Your assignment: Return the records exactly as they stand, and keep the pictures out of the copy.

Records from a collection
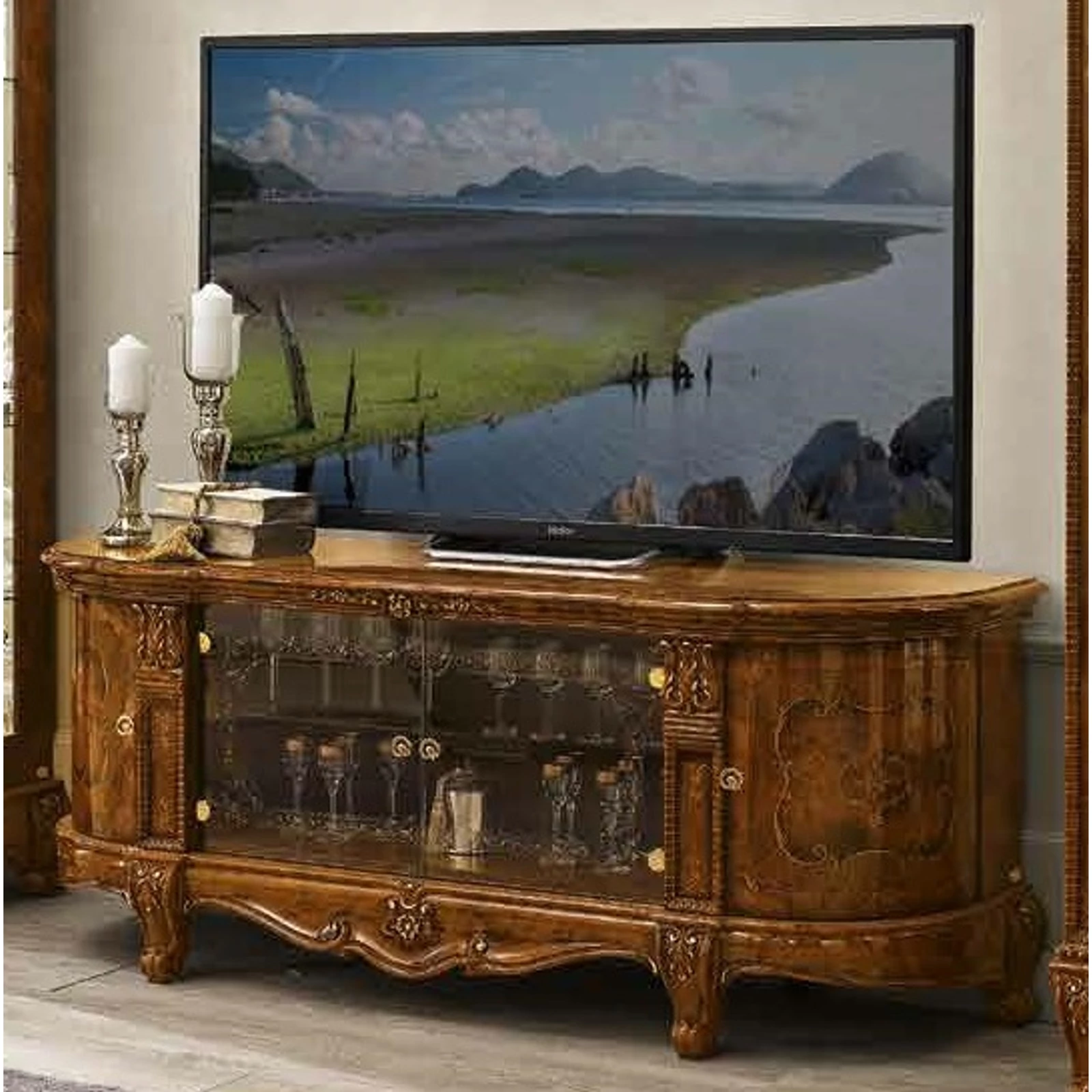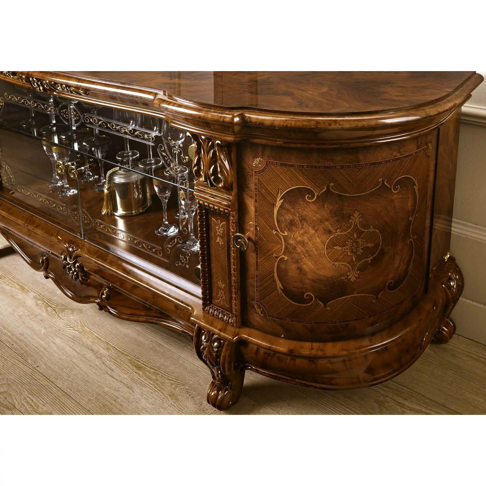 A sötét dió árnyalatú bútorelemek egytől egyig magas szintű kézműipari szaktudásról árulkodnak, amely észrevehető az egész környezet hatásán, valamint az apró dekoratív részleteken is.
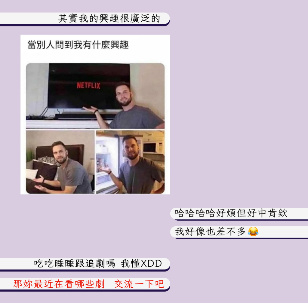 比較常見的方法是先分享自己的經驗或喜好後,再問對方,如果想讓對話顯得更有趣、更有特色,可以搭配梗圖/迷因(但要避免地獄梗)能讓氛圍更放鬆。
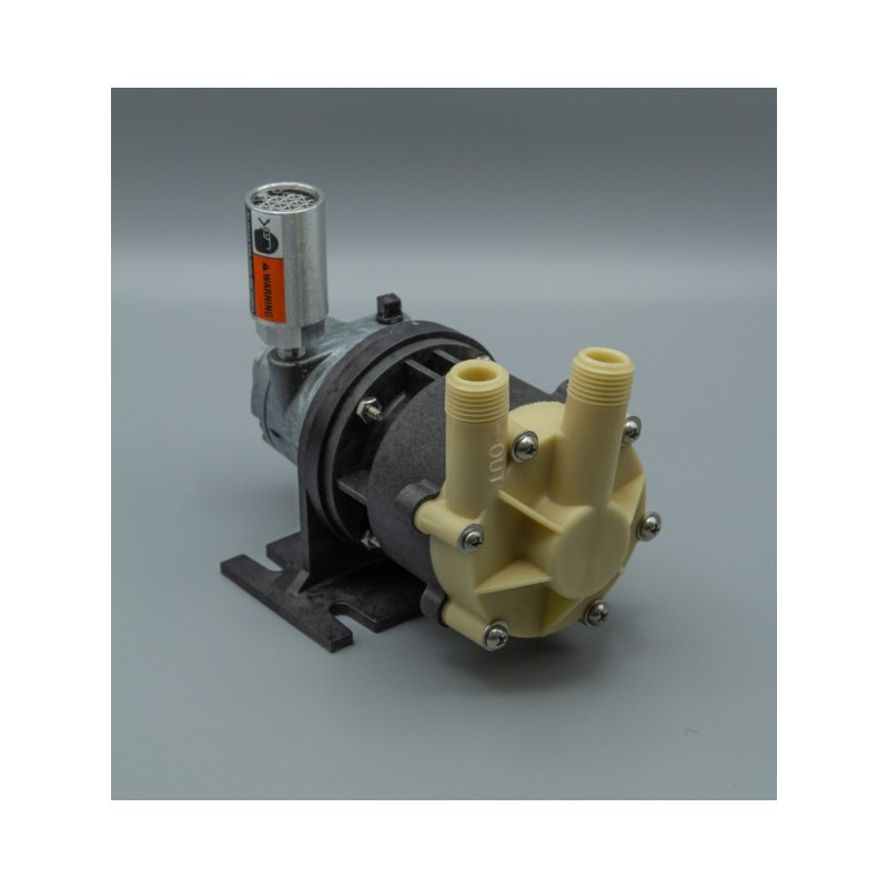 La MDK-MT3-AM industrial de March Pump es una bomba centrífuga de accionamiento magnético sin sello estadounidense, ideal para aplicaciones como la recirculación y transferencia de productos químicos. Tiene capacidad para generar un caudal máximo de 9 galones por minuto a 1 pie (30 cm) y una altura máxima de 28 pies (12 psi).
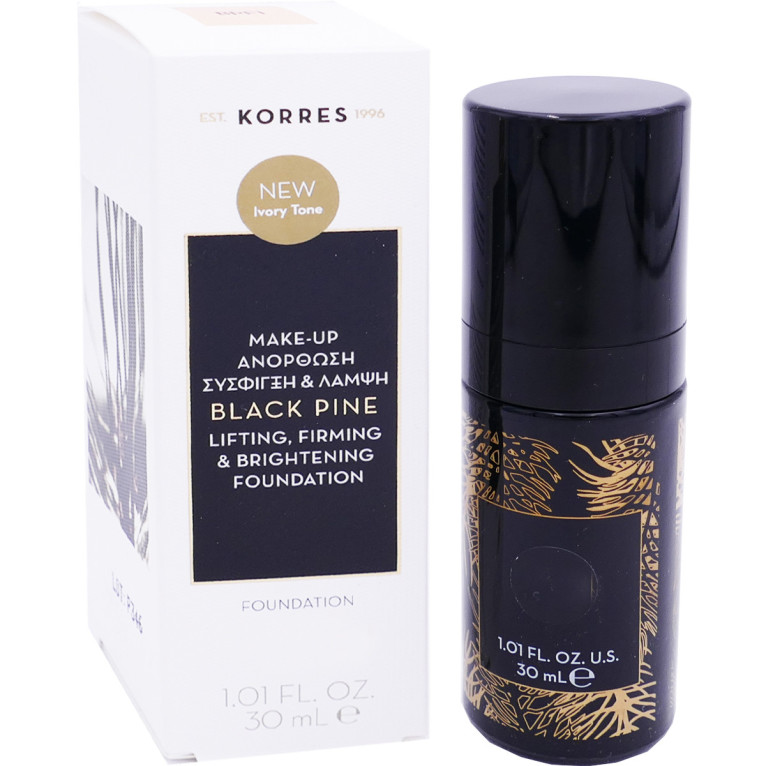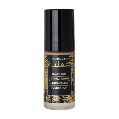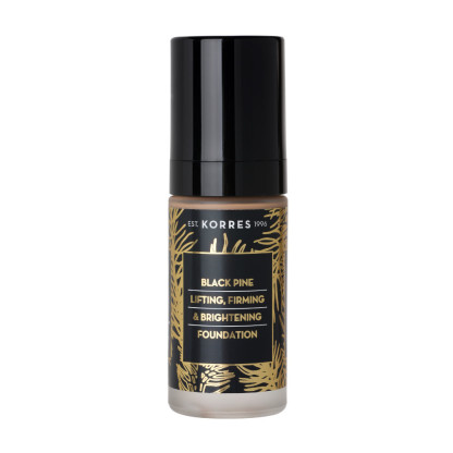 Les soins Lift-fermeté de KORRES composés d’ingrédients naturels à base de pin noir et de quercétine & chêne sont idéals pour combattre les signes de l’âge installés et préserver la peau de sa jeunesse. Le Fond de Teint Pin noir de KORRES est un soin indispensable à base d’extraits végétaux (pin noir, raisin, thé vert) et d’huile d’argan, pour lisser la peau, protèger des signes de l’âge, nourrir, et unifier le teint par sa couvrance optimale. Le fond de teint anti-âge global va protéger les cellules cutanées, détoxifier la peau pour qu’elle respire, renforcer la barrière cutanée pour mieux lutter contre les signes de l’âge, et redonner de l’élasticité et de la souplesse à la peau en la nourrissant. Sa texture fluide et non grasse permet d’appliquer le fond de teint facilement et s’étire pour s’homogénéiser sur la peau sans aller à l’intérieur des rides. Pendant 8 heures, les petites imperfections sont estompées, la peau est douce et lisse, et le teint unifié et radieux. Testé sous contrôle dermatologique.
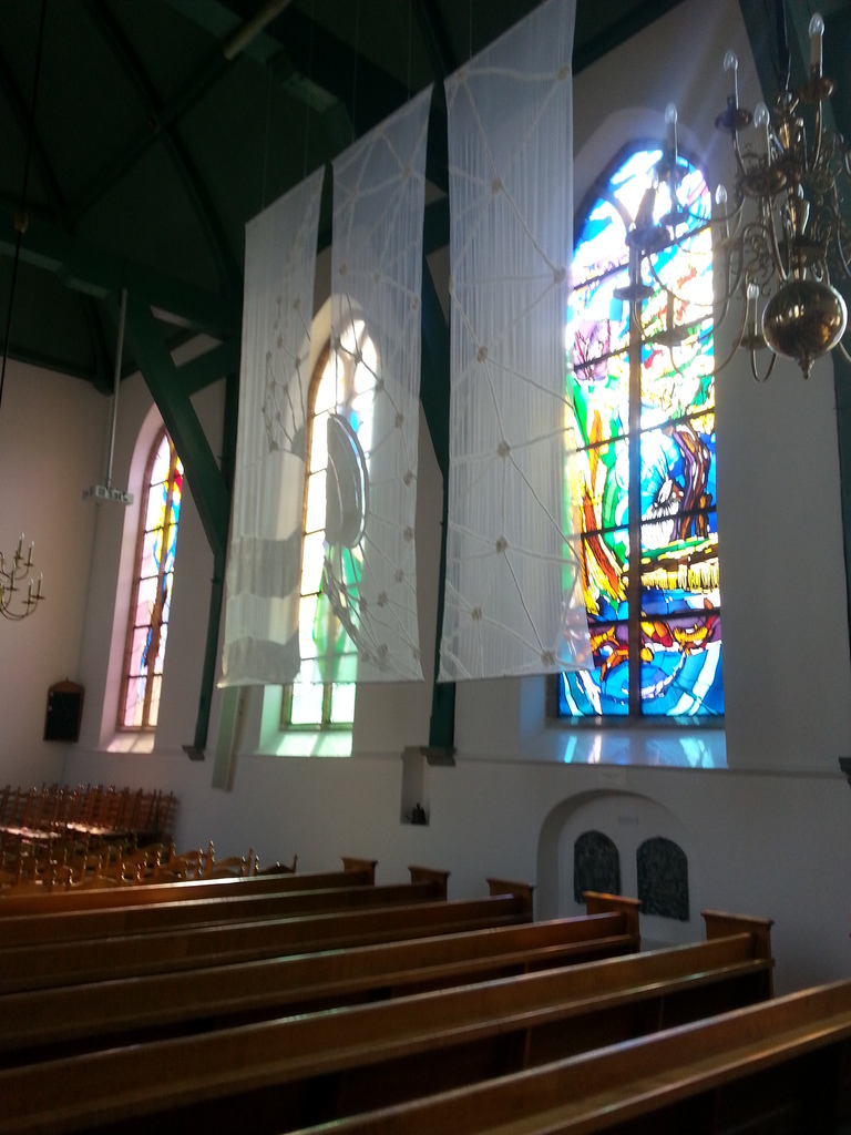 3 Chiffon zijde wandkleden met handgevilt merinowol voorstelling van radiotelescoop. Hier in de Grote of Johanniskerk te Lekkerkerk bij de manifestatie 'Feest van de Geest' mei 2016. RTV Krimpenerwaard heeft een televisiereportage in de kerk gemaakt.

Result of this exercise:
 A sötét dió árnyalatú bútorelemek egytől egyig magas szintű kézműipari szaktudásról árulkodnak, amely észrevehető az egész környezet hatásán, valamint az apró dekoratív részleteken is.
 比較常見的方法是先分享自己的經驗或喜好後,再問對方,如果想讓對話顯得更有趣、更有特色,可以搭配梗圖/迷因(但要避免地獄梗)能讓氛圍更放鬆。
 La MDK-MT3-AM industrial de March Pump es una bomba centrífuga de accionamiento magnético sin sello estadounidense, ideal para aplicaciones como la recirculación y transferencia de productos químicos. Tiene capacidad para generar un caudal máximo de 9 galones por minuto a 1 pie (30 cm) y una altura máxima de 28 pies (12 psi).
 Les soins Lift-fermeté de KORRES composés d’ingrédients naturels à base de pin noir et de quercétine & chêne sont idéals pour combattre les signes de l’âge installés et préserver la peau de sa jeunesse. Le Fond de Teint Pin noir de KORRES est un soin indispensable à base d’extraits végétaux (pin noir, raisin, thé vert) et d’huile d’argan, pour lisser la peau, protèger des signes de l’âge, nourrir, et unifier le teint par sa couvrance optimale. Le fond de teint anti-âge global va protéger les cellules cutanées, détoxifier la peau pour qu’elle respire, renforcer la barrière cutanée pour mieux lutter contre les signes de l’âge, et redonner de l’élasticité et de la souplesse à la peau en la nourrissant. Sa texture fluide et non grasse permet d’appliquer le fond de teint facilement et s’étire pour s’homogénéiser sur la peau sans aller à l’intérieur des rides. Pendant 8 heures, les petites imperfections sont estompées, la peau est douce et lisse, et le teint unifié et radieux. Testé sous contrôle dermatologique.
 3 Chiffon zijde wandkleden met handgevilt merinowol voorstelling van radiotelescoop. Hier in de Grote of Johanniskerk te Lekkerkerk bij de manifestatie 'Feest van de Geest' mei 2016. RTV Krimpenerwaard heeft een televisiereportage in de kerk gemaakt.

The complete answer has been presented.